Outstanding Decisions

These are candidate or partially-considered decisions captured out-of-order to avoid losing context. Promote any of these to a full decision record (with rationale, alternatives, recommendation) once you commit.

  • Data retention fine-tuning for observability backends (granularity vs. cost) — refine after first month of metrics volume data.
  • Strategy performance attribution model standardization (naming + schema for PnL breakdown) — needed before multi-strategy backtests.
  • Unified configuration format (consider pydantic settings vs. environment variable layering) — impacts deployment reproducibility.
  • Secret rotation automation (GitHub Actions vs. external tool) — decide prior to first credential expiry.

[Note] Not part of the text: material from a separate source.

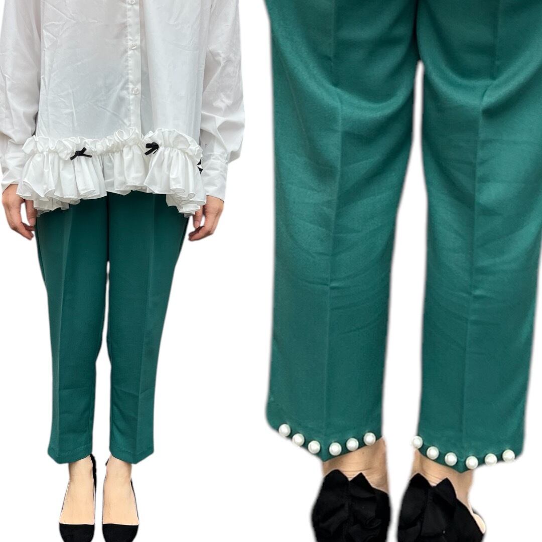 ■後ろ裾パールパンツ・グリーン
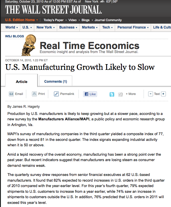 On a subject that is of great interest to me, and one that will affect you, is manufacturing.

  • ML feature store approach (ad hoc Parquet vs. lightweight feature store library) — revisit when first ML prototype begins.
  • Prefect deployment topology (single agent vs. multiple work pools) — decide when more than one workflow category is active.

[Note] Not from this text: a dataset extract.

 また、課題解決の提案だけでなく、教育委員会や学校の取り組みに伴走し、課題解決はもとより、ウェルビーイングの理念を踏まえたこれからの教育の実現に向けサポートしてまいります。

  • API versioning strategy (URI vs. header, when to introduce v1) — revisit before first breaking change.
  • Alert notification channel expansion (email/webhook → chat integration) — after initial alert noise is characterized.
  • Risk controls formalization (circuit breaker thresholds + global kill switch implementation detail) — before first live trade.

Add new backlog items above; keep list curated (remove or promote once resolved) to prevent drift.